List comprehensions lead to terser and more compact expression. You're right to think of it quite a lot like a query language.
x = [comparison(a, b) for (a, b) in zip(A, B)]
x = [comparison(a, b) for (a, b) in itertools.product(A, B)]
x = [comparison(a, b) for a in A for b in B if test(a, b)]
x = [comparison(a, b) for (a, b) in X for X in Y if test(a, b, X)]
...are all patterns that I use.
This is pretty tricky, and I had fun with it. This is what I'd do:
def match_fields(business, review):
return business['business_id'] == review['business_id'] and 'Restaurants' in business['categories']
def search_businesses(review):
# the lambda binds the given review as an argument to match_fields
return any(lambda business: match_fields(business, review), business_list)
answer = filter(search_businesses, review_list)
This is the most readable way I found. I'm not terribly fond of list comprehensions that go past one line, and three lines is really pushing it. If you want this to look more terse, just use shorter variable names. I favor long ones for clarity.
I defined a function that returns true if an entry can be matched between lists, and a second function that helps me search through the review list. I then can say: get rid of any review that doesn't have a matching entry in the businesses list. This pattern works well with arbitrary checks between lists.
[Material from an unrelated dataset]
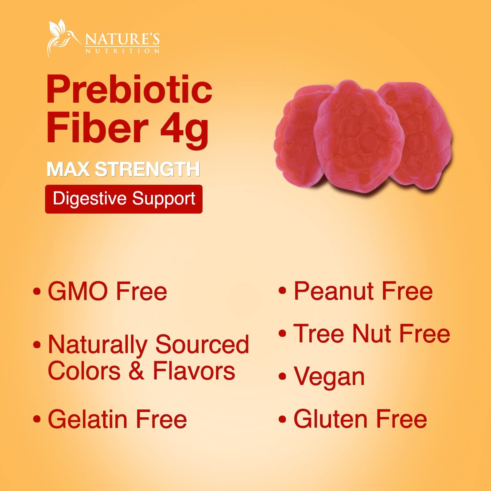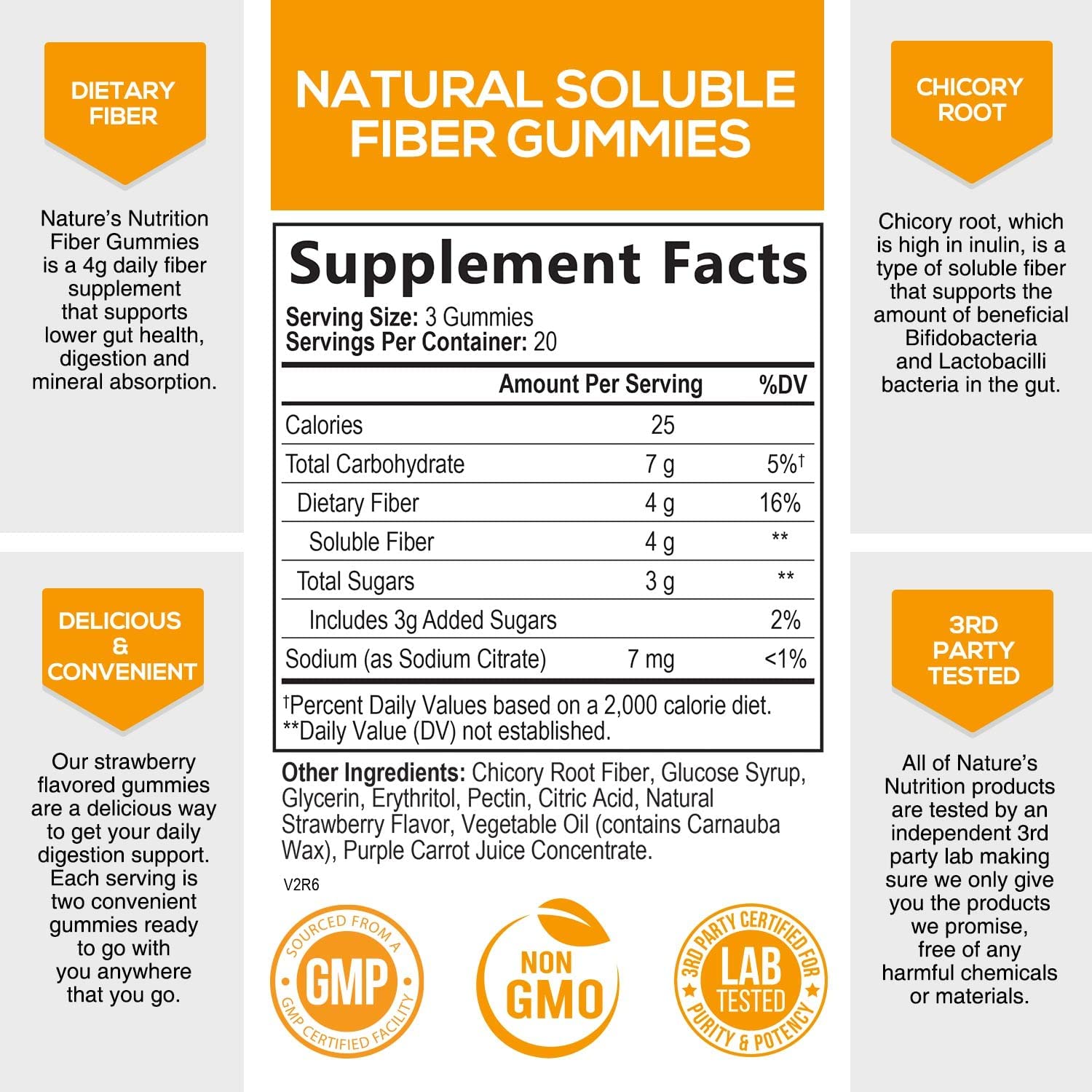 Details: Nature’s Nutrition Fiber Gummies for Adults and Kids are the perfect way to add fiber into your daily life.Unlike many powders, capsules, or vitamins, Nature’s Nutrition Fiber Gummies are plant-based, yummy and enjoyable. Made with 300mg of inulin fiber per 2 gummies, perfect for women, men, and children. Inulin is a soluble plant fiber that’s present in high amounts in the chicory root. Inulin takes up a lot of room during digestion. Once eaten it absorbs water, helps to form stool, and allows you to go to the bathroom more easily. You will love his gentle digestion support.Supplement Facts (Per 2 Gummies): Inulin (Chicory Root) – 300mg Other Ingredients: Glucose Syrup, Maltitol, Glucose, Modified Starch, Pectin, Natural Strawberry Flavor, Vegetable Oil, Purple Carrot Juice ConcentrateEach bottle of fiber gummy dietary supplements is proudly manufactured and bottled following strict cGMP guidelines. Our Fiber Gummies are third-party certified for purity and quality by an experienced dietary supplement laboratory.

As a variation to the list comprehension only approaches, it may be more efficient to use a set and generator comprehension. This is especially true if the size of your first list is very large or if the total number of restaurants is very large.
restaurant_ids = set(biz for biz in first if 'Restaurants' in biz['categories'])
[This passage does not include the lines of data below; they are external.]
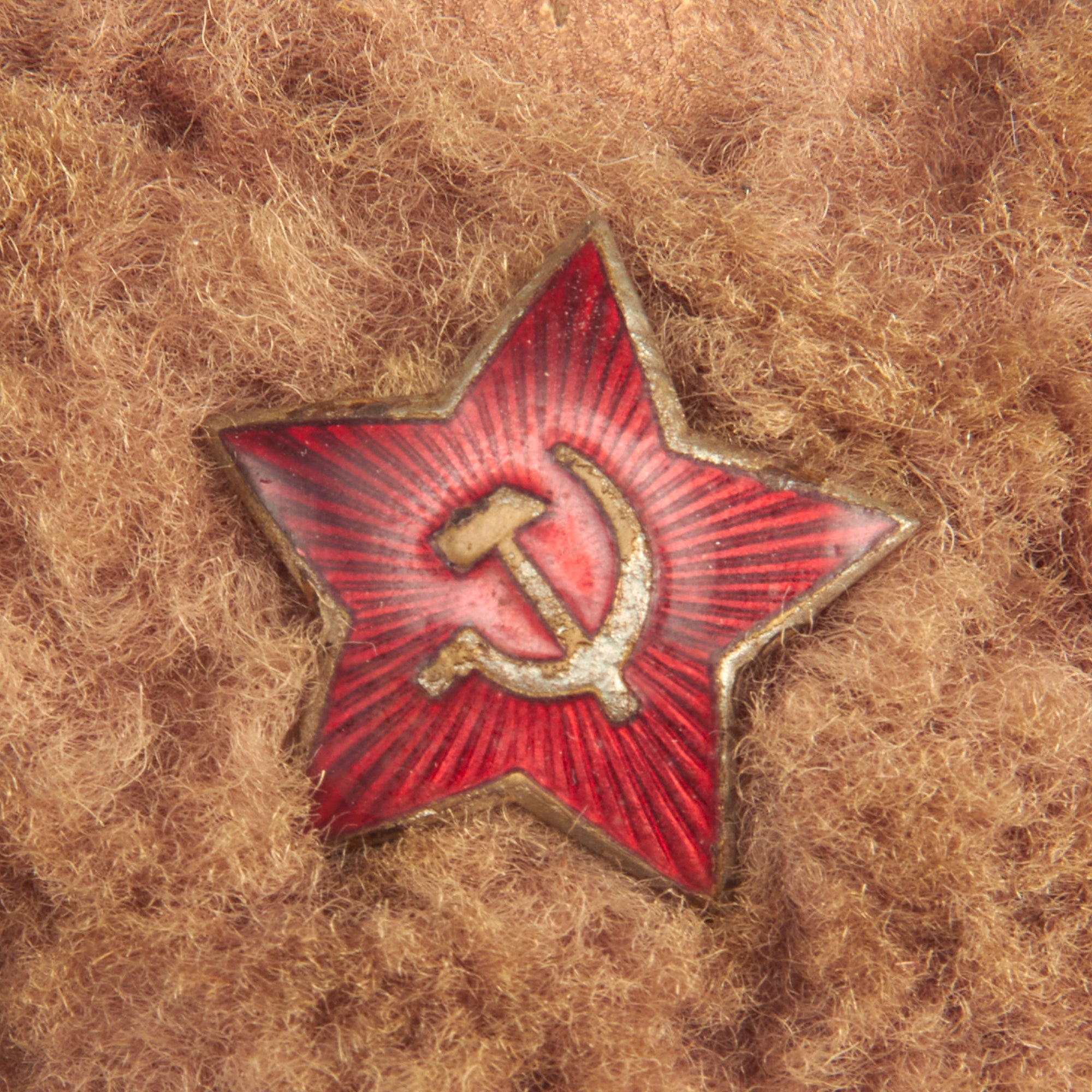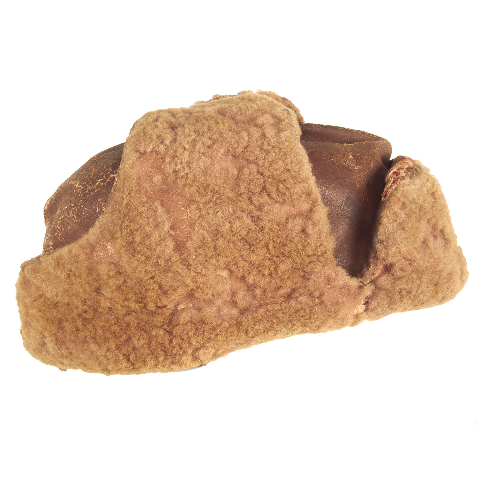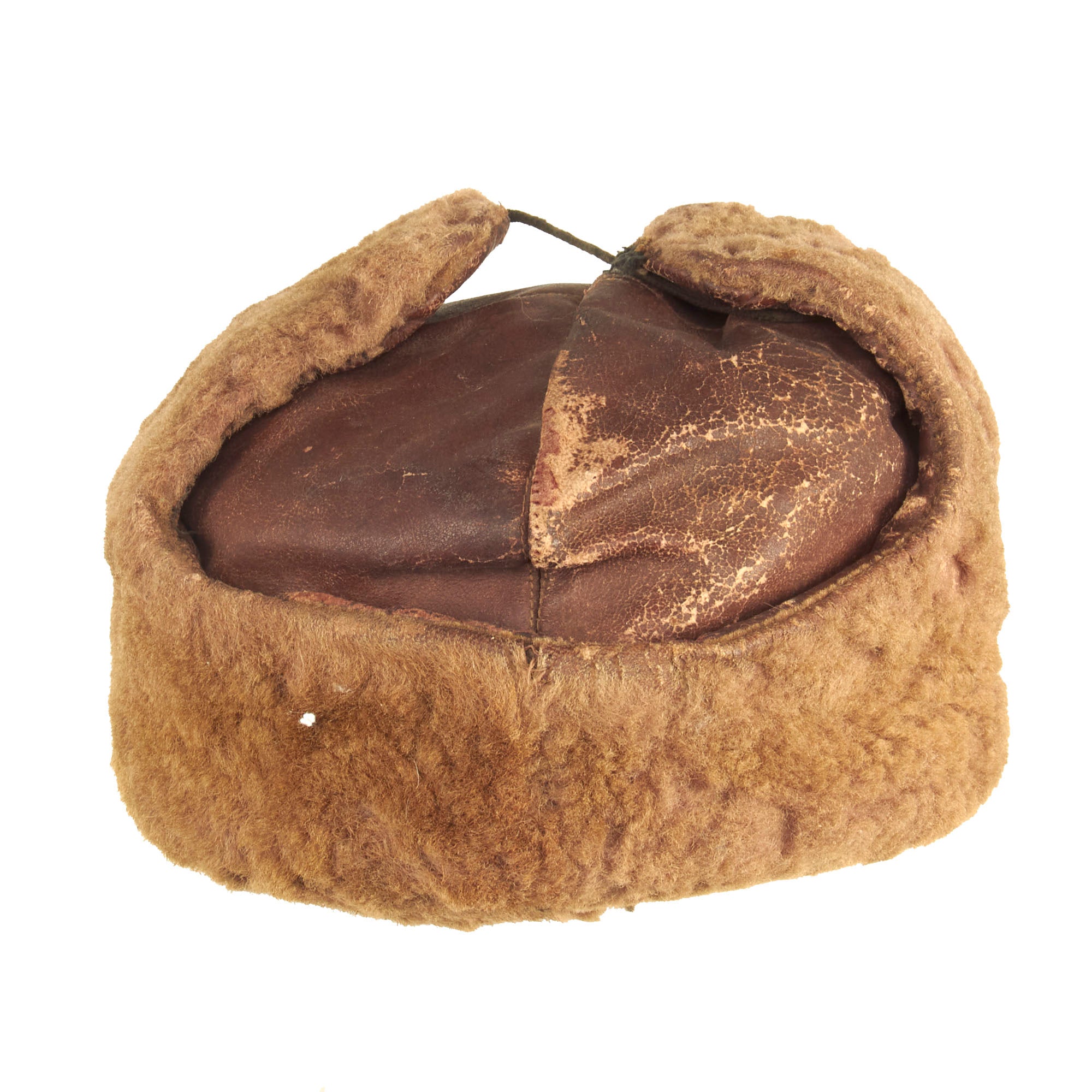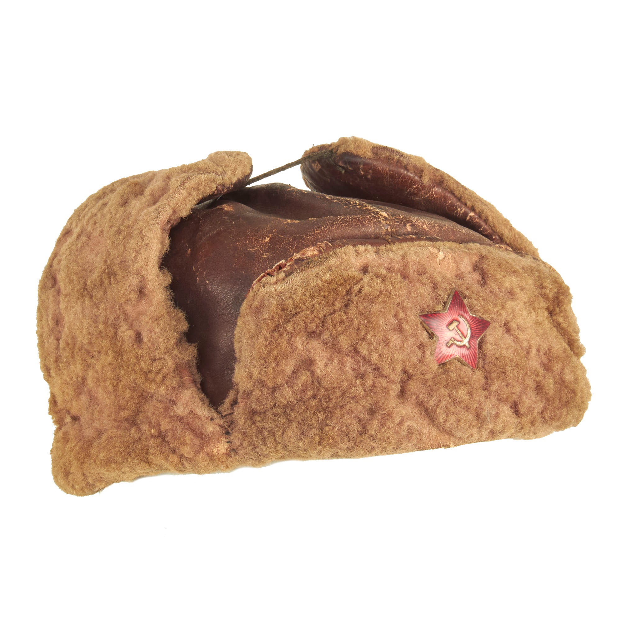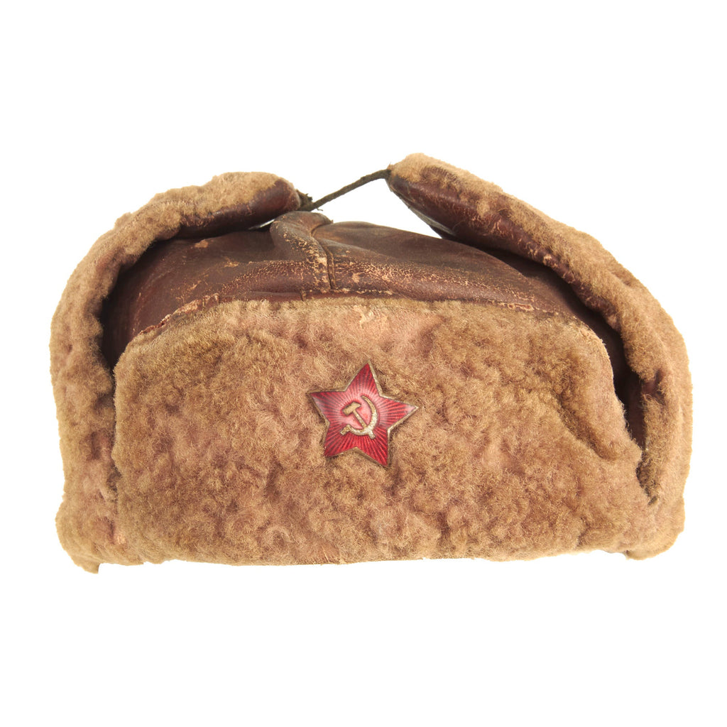 This is a lovely example of these types of caps and is constructed out of the desired brown leather instead of wool. The cap is in great condition and shows signs of minor use and wear. The interior has the standard Soviet style quilt type padding lining in dark brown, with no markings present. The front has the standard enameled Soviet star attached.
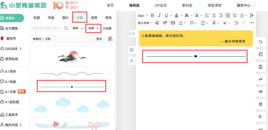 新手建议可以先用免费的样式,基本都够用。(不像某些微信排版编辑器,打着免费的名义,实际只有两三个能免费用)
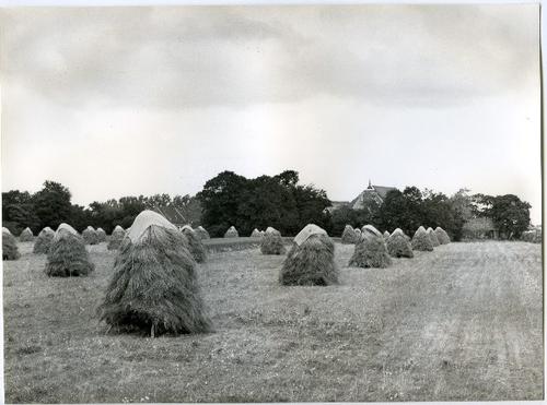 Foto in zwart-wit van schoven graan op hokken door J...
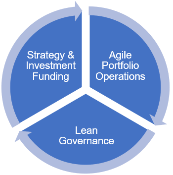 Lean Portfolio Management (LPM) is described by Scaled Agile Framework (SAFe ®as a set of organization and workflow patterns intended to guide enterprises in scaling lean and agile practices and is one of the seven disciplines a business must adopt to become an agile company (shown below). SAFe divides all company activities into two main blocks: execution and strategy.

restaurant_data = [rest for rest in second if rest['id'] in restaurant_ids]
Note the brute force list comprehension approach is O(len(first)*len(second)), but it uses no additional memory storage whereas this approach is O(len(first)+len(second)) and uses O(number_of_restaurants) extra memory for the set.
You could do:
restaurant_ids = [biz['id'] for biz in list1 if 'Restaurants' in biz['categories']]
restaurant_data = [rest for rest in list2 if rest['id'] in restaurant_ids]
Then restaurant_data would contain all of the dictionaries from list2 that contain restaurant data.